Apparently though none of them were good enough and they had to pinch one of my words. But why did it have to be ‘gay’? If nothing else it is a contradiction in terms to use a word that means ‘happy and carefree’ since, for anyone other than a homosexual, one would be anything but ‘happy and carefree’ if one’s anal passage was being invaded by something which must feel to him like the business end of a baseball bat. Good, I’m glad I’ve got that off my chest.

Have a gay day. 

Mellor’s Garden

April 21st 2006

Today’s Brainteaser.

Old Mellor bought his garden many years ago and got it dirt cheap, probably because it was in the shape of a trapezium. The two diagonals of the trapezium divide the garden into four triangles each for vegetables, fruit, flowers and lawn. Mellor remembers that the area of each triangle is a whole number of square yards, that the lawn is 80 square yards in area, and that the vegetable garden is 45 Square yards in area.
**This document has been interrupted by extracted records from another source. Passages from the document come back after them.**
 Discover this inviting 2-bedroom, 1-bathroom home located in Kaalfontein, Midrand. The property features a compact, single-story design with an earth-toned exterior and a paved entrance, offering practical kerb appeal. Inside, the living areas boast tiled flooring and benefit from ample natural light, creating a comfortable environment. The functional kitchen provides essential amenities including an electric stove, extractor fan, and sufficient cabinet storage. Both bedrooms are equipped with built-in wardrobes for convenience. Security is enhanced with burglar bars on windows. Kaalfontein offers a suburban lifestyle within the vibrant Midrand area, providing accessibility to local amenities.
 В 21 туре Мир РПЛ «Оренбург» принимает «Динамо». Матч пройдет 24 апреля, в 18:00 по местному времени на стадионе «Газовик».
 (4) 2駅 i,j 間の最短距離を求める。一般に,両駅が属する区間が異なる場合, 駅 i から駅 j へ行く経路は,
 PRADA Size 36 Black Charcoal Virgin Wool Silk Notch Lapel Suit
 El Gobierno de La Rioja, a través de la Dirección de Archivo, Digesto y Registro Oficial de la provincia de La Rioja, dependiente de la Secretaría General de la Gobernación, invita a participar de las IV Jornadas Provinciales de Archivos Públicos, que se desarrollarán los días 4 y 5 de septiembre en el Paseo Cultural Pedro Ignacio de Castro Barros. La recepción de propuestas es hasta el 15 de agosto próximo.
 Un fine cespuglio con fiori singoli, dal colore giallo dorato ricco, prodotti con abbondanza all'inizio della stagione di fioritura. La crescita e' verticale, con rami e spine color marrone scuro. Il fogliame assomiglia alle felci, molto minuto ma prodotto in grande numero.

Question. What the fuck is a trapezium?

 Answers in the Comments section please. 10 pounds for the first correct answer. The editor’s decision is final.

Answer to last week’s (April 14th) Brainteaser – Barearse.
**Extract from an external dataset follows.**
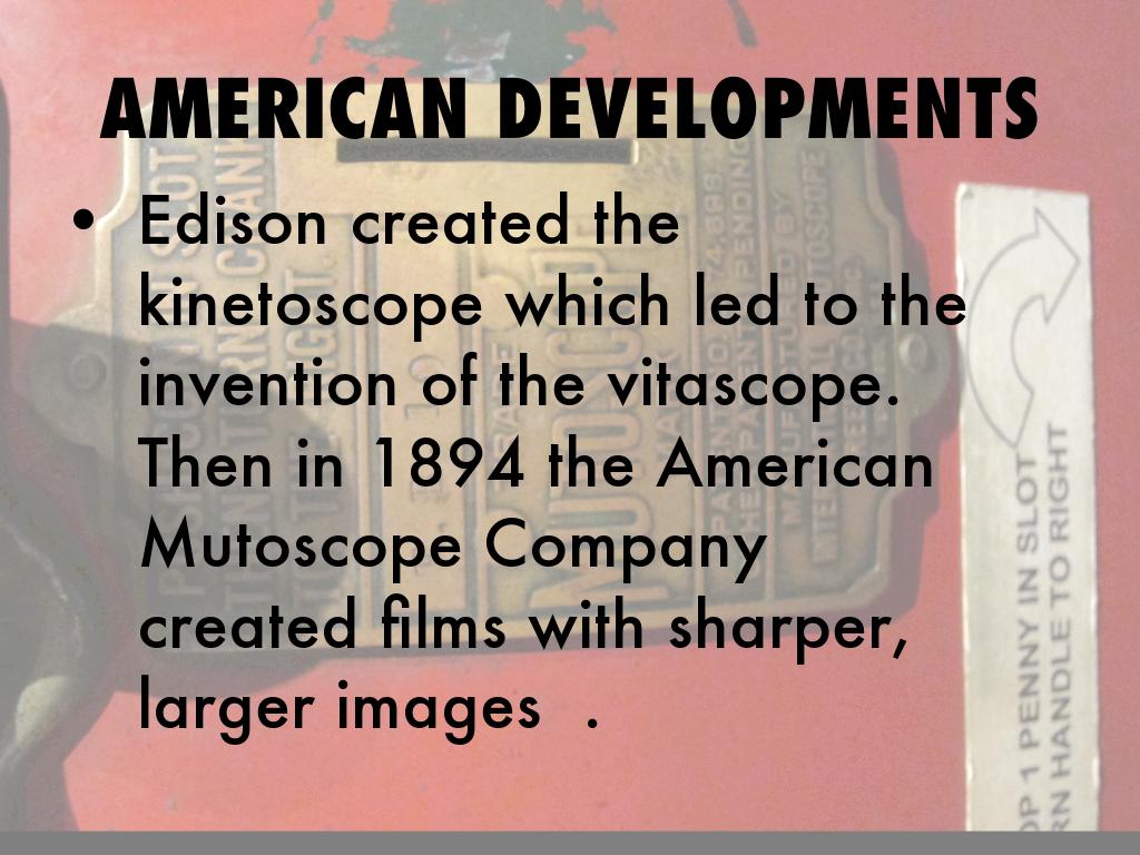 • Edison created the kinetoscope which led to the invention of the vitascope. Then in 1894 the American Mutoscope Company created films with sharper, larger images .
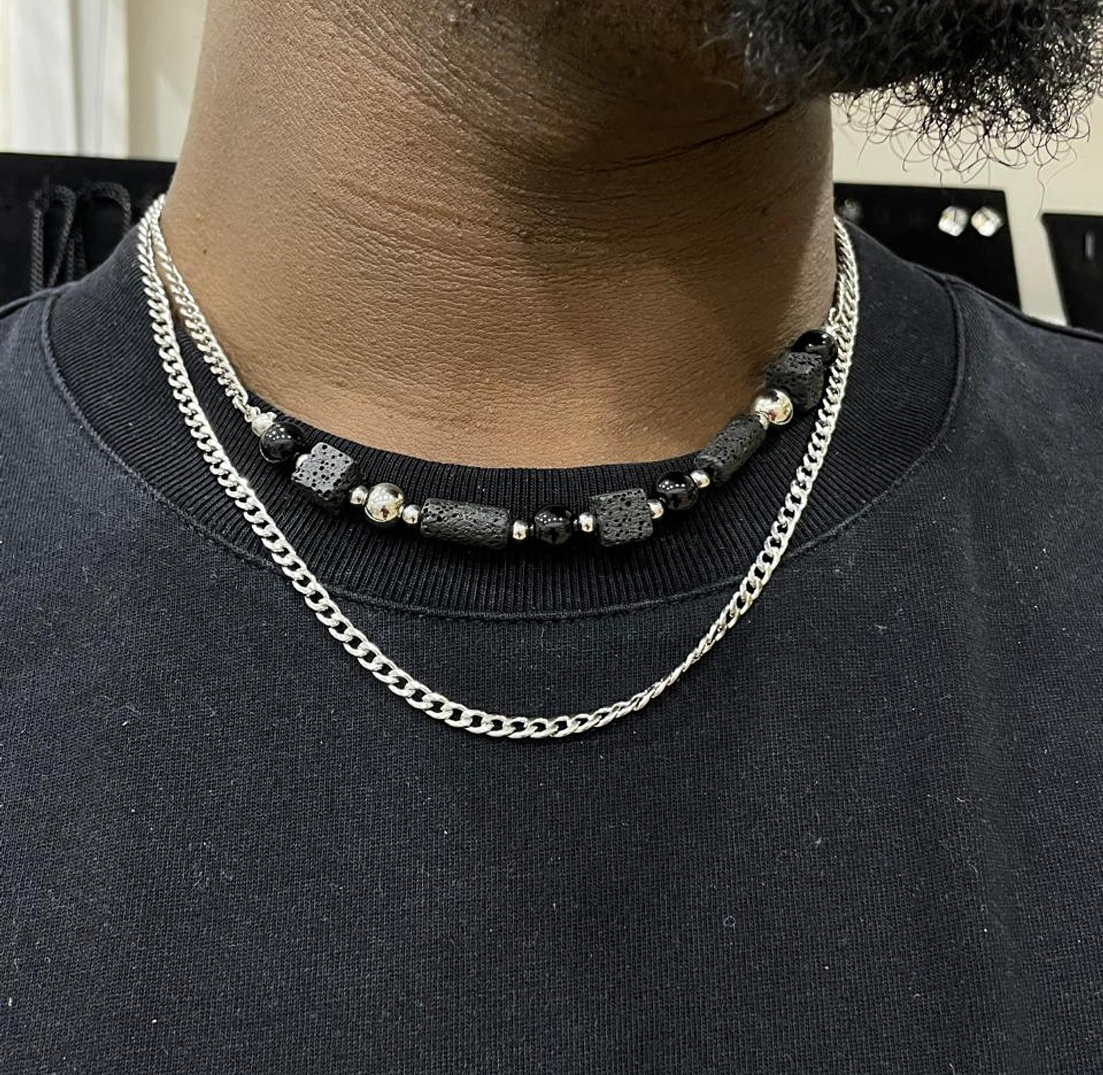 Embrace a fusion of raw texture and sleek shine with the Volcanic Edge Layered Chain, featuring natural black lava beads paired with a classic chain. This duo offers a modern, rugged elegance for any look.

Throwing the Walking Frame

April 20th 2006

Atkins Down The Road, a man always up for a bit of fun, joined me for my Throwing the Walking Frame training session this morning at ten. Ever resourceful he already had his own walking frame, having picked it up at a charity shop some time ago in readiness for when the time comes that he’ll need one, and employed in the meantime as a support for his climbing strawberries.

When we arrived at the park the man who I met yesterday, Mr Jeffs, was accompanied by two of his friends, who were also interested in training for the Throwing the Walking Frame event. Like Mr Jeffs they were aged about seventy. One was introduced as Mr Barnaby, the other, a Scot, was Mr Ross. It turned out Atkins knew Mr Jeffs, who used to be his milkman at one time.

Straight away Mr Barnaby pointed out that he didn’t actually use a walking frame – the one he had brought along was his wife’s – and inquired if it was in the rules of the competition that a competitor had to be an actual walking frame user, as he didn’t want to waste time training up if this was the case. I confessed that I didn’t know but asked him who was to prove otherwise? I also pointed out that the Paralympic Games were over six years away and by then he would in all probability have the genuine need of a walking frame, as might the rest of us. This seemed to satisfy him.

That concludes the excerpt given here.